How to complete this task |
Write out again, word for word, the lines below from the line that holds "Бутоны округлые. Цветки" through the line that holds "Протокол матча Хоффенхайм против Боруссия", omitting pictures.

Dataset items
□ □ □

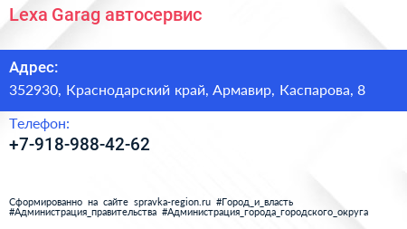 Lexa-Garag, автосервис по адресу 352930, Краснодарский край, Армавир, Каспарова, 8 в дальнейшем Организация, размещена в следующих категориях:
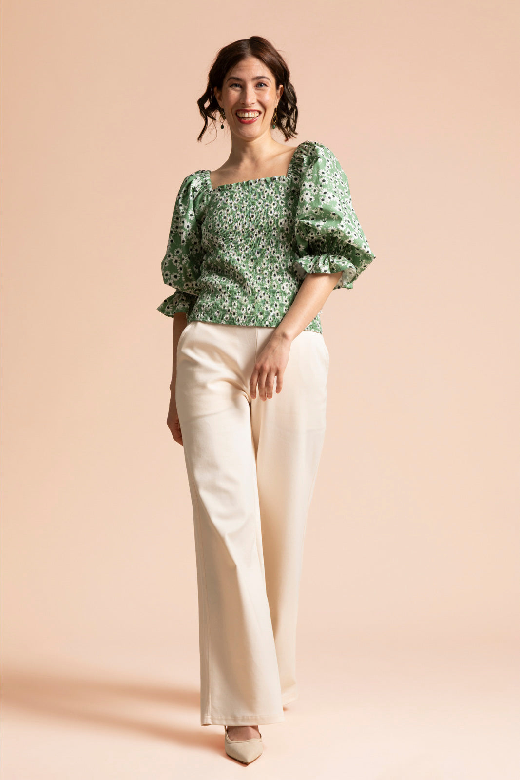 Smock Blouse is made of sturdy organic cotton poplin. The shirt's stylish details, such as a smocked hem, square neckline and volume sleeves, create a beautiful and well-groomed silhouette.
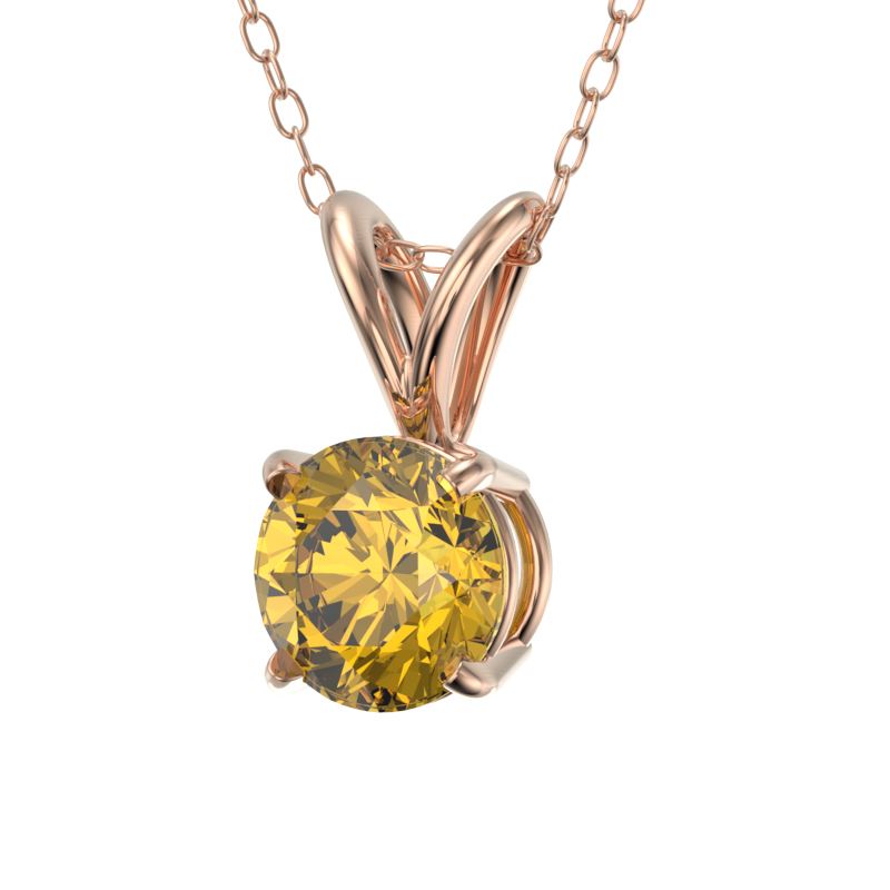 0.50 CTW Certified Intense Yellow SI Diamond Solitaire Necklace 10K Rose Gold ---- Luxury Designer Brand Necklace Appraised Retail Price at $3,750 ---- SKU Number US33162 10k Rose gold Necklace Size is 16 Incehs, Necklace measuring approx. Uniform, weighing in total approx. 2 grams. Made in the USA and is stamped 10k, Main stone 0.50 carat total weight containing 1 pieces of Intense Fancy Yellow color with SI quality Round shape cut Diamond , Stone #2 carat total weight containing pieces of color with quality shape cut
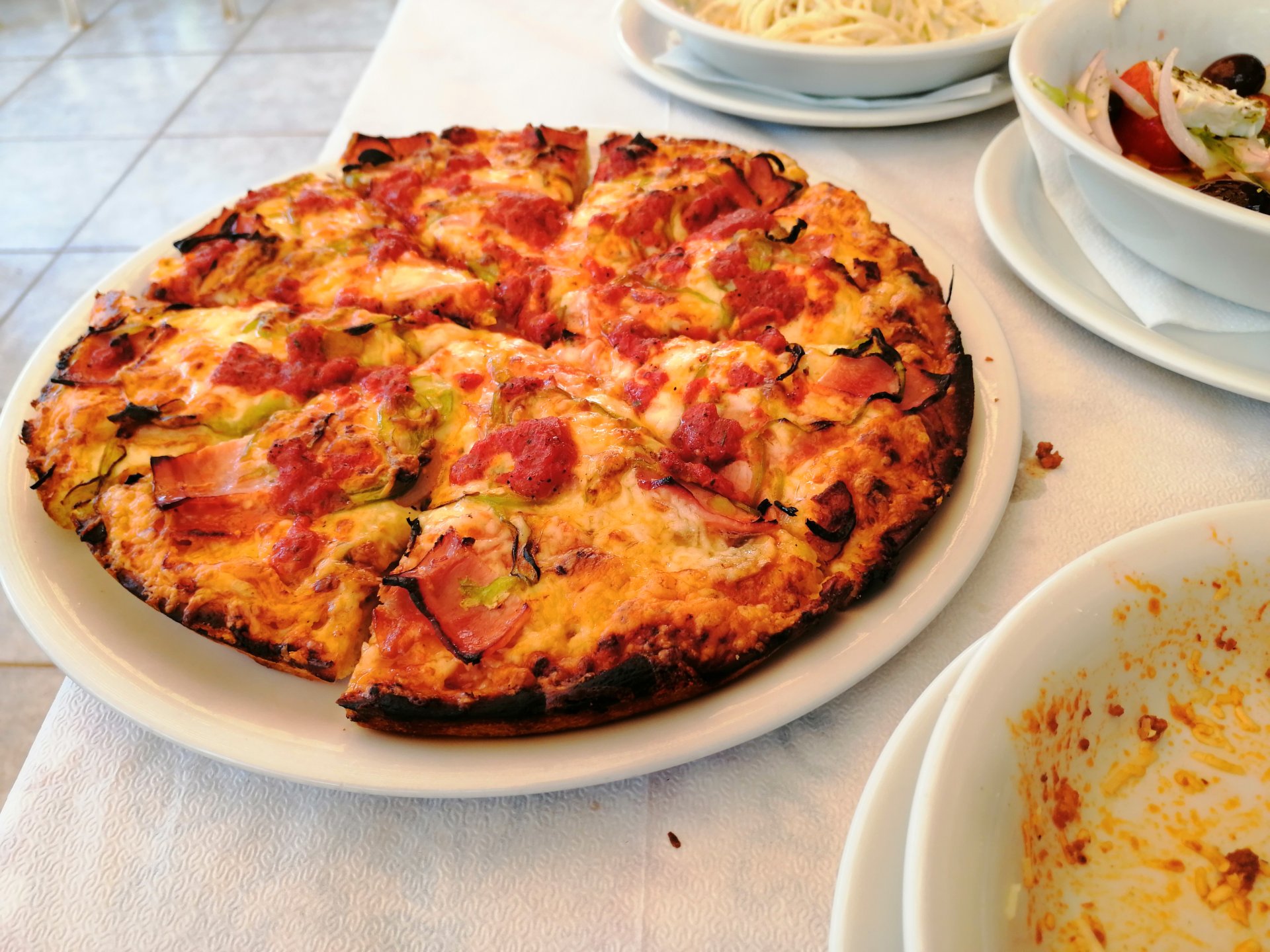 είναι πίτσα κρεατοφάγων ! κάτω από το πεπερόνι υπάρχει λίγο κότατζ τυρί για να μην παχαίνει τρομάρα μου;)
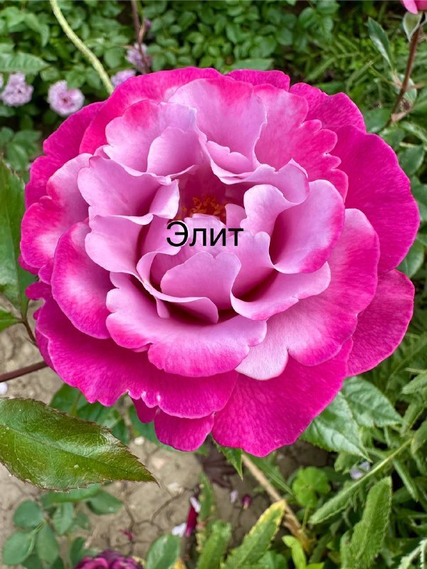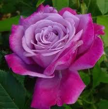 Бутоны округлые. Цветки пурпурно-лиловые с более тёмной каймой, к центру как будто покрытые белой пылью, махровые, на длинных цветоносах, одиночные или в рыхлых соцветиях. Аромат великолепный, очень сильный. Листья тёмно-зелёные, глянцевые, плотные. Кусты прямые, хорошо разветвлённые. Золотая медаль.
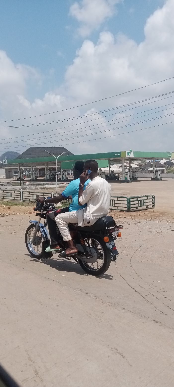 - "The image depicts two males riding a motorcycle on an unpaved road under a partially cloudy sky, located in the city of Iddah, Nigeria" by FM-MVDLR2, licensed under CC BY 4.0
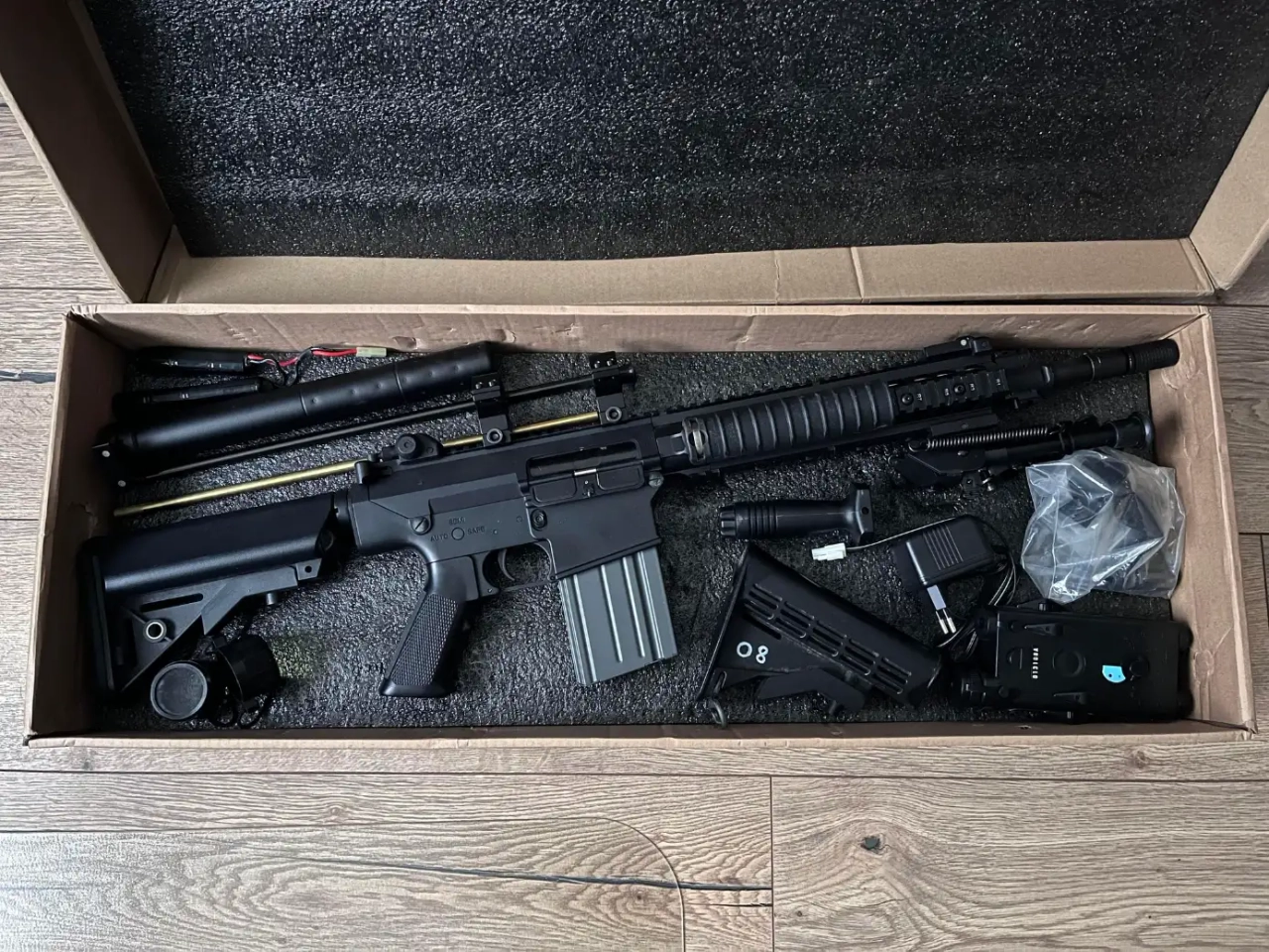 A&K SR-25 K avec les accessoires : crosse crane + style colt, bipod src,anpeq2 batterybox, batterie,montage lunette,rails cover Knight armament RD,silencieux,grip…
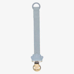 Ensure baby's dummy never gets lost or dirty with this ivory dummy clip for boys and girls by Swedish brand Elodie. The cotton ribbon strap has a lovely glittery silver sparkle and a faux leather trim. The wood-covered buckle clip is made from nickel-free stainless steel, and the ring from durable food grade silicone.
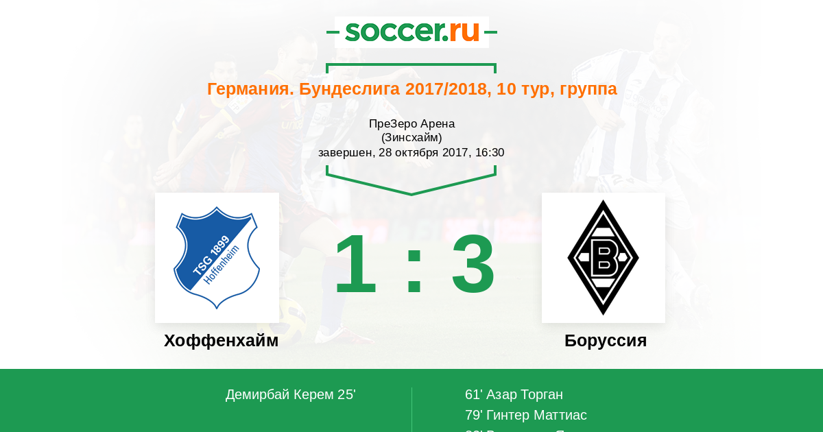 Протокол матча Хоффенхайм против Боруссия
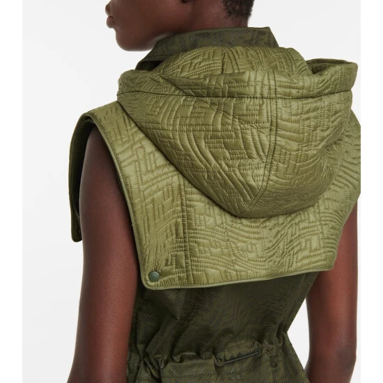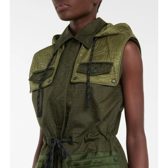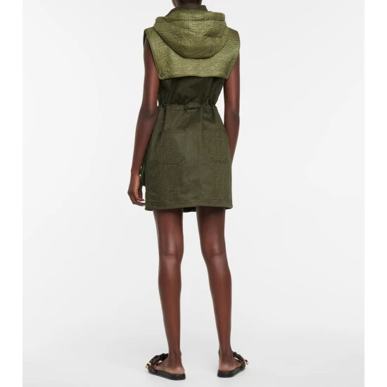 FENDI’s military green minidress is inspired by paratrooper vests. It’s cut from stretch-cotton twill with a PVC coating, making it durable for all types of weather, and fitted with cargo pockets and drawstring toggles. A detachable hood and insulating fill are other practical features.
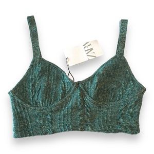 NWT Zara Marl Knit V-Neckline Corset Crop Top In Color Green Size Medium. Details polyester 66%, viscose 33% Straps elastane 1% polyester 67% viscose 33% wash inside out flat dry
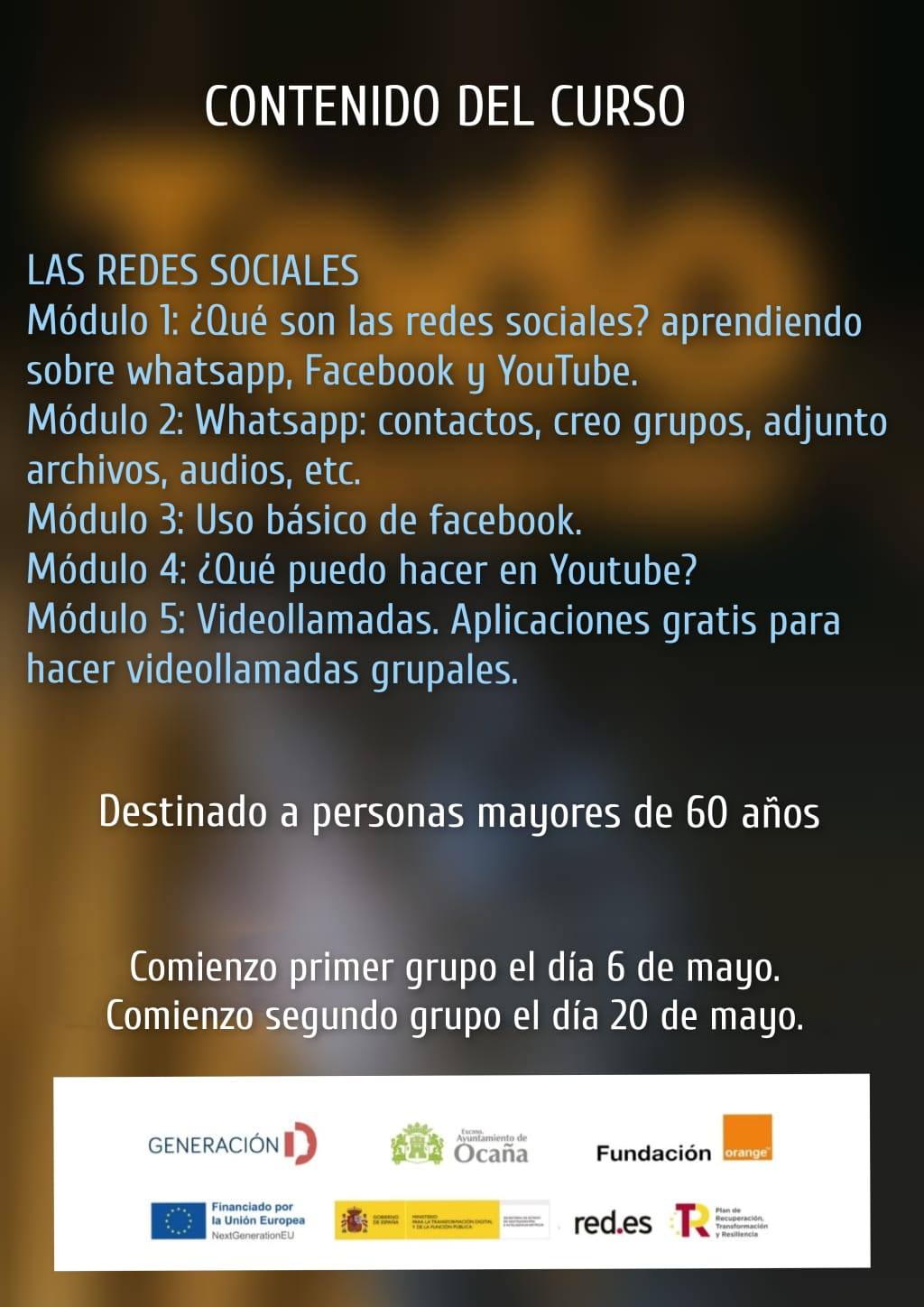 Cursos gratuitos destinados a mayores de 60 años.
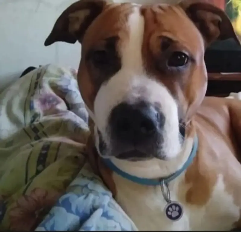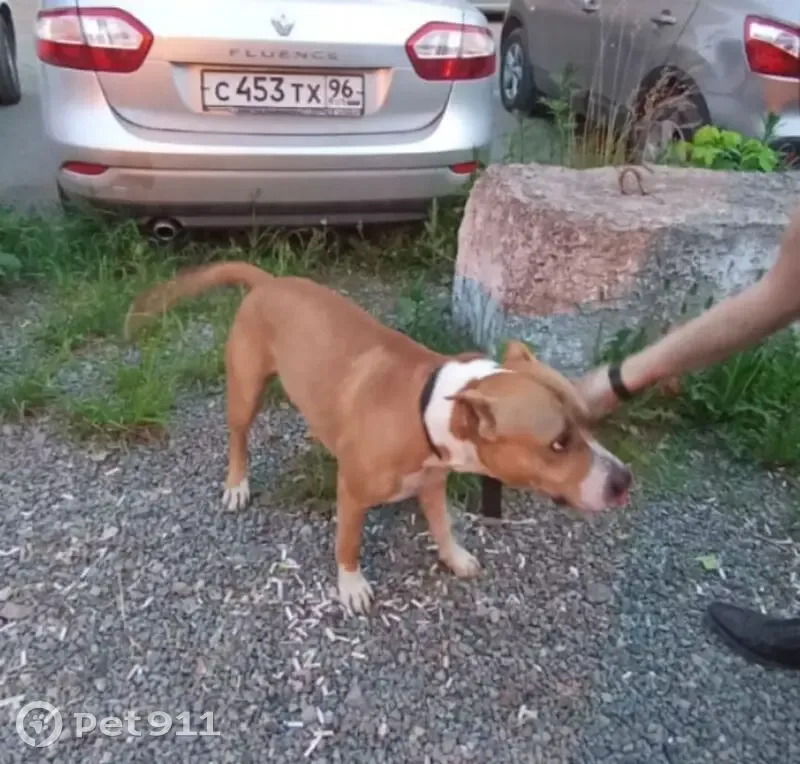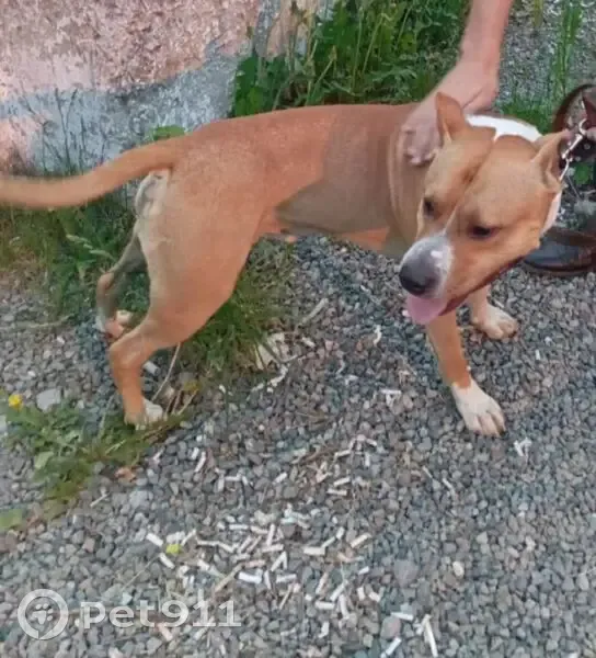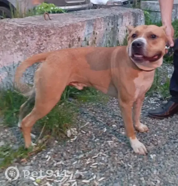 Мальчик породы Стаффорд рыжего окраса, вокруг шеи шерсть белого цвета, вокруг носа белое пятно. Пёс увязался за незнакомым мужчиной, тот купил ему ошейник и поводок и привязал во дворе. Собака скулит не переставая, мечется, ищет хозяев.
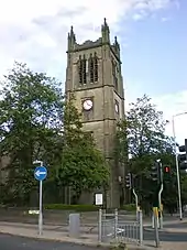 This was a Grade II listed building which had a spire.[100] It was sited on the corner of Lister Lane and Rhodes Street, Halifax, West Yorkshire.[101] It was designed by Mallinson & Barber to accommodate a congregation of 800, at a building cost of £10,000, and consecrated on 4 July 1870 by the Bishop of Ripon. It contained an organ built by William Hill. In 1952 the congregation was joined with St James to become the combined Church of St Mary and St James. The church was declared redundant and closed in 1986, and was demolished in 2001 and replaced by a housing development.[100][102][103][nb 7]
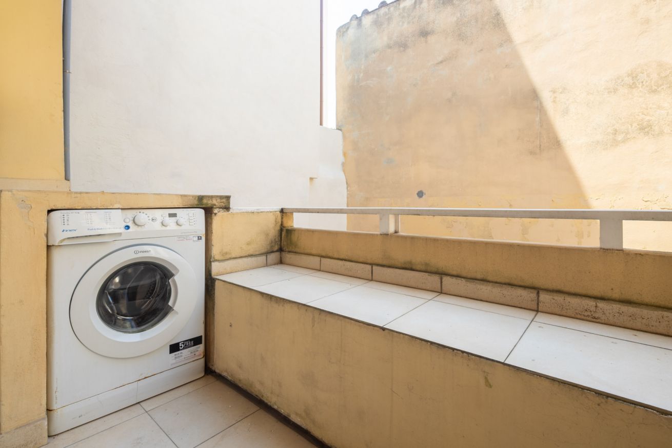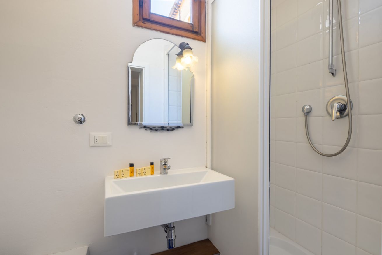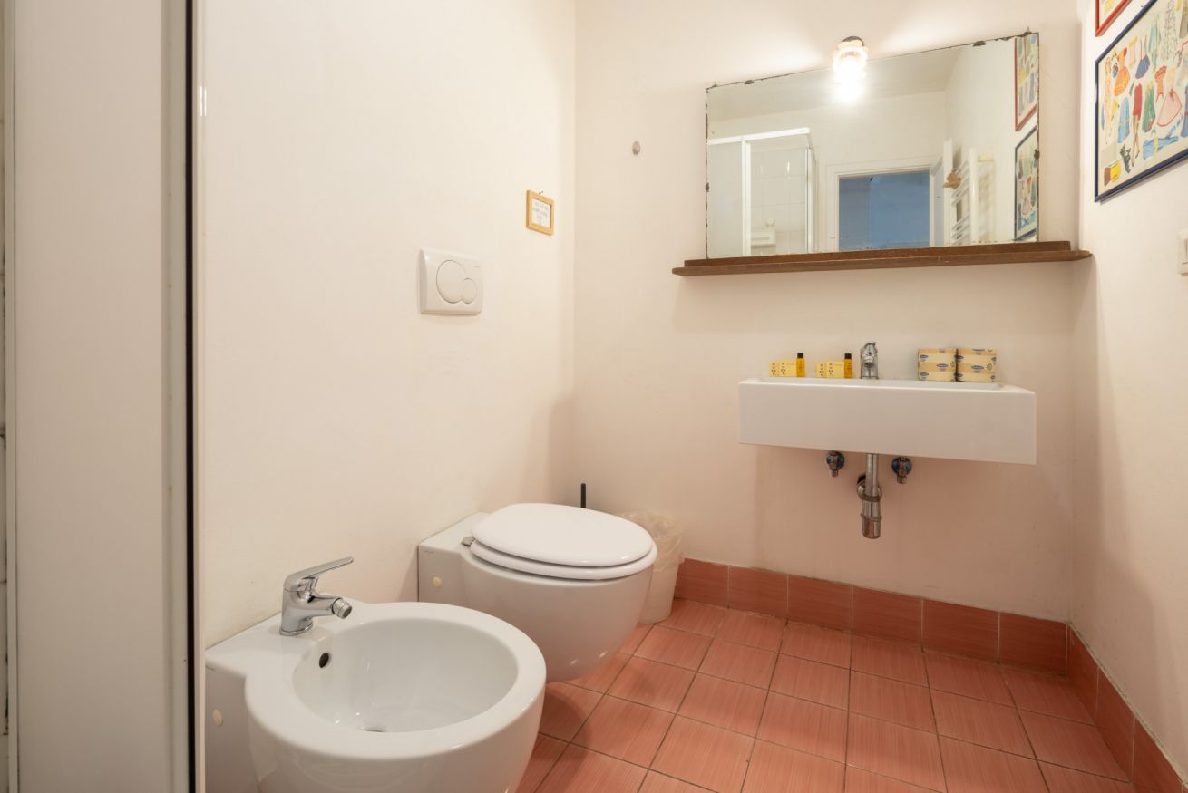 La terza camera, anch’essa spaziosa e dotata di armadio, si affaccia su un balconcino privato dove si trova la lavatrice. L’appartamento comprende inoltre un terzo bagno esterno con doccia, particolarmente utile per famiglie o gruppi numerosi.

□ □ □

Response |
 Бутоны округлые. Цветки пурпурно-лиловые с более тёмной каймой, к центру как будто покрытые белой пылью, махровые, на длинных цветоносах, одиночные или в рыхлых соцветиях. Аромат великолепный, очень сильный. Листья тёмно-зелёные, глянцевые, плотные. Кусты прямые, хорошо разветвлённые. Золотая медаль.
 - "The image depicts two males riding a motorcycle on an unpaved road under a partially cloudy sky, located in the city of Iddah, Nigeria" by FM-MVDLR2, licensed under CC BY 4.0
 A&K SR-25 K avec les accessoires : crosse crane + style colt, bipod src,anpeq2 batterybox, batterie,montage lunette,rails cover Knight armament RD,silencieux,grip…
 Ensure baby's dummy never gets lost or dirty with this ivory dummy clip for boys and girls by Swedish brand Elodie. The cotton ribbon strap has a lovely glittery silver sparkle and a faux leather trim. The wood-covered buckle clip is made from nickel-free stainless steel, and the ring from durable food grade silicone.
 Протокол матча Хоффенхайм против Боруссия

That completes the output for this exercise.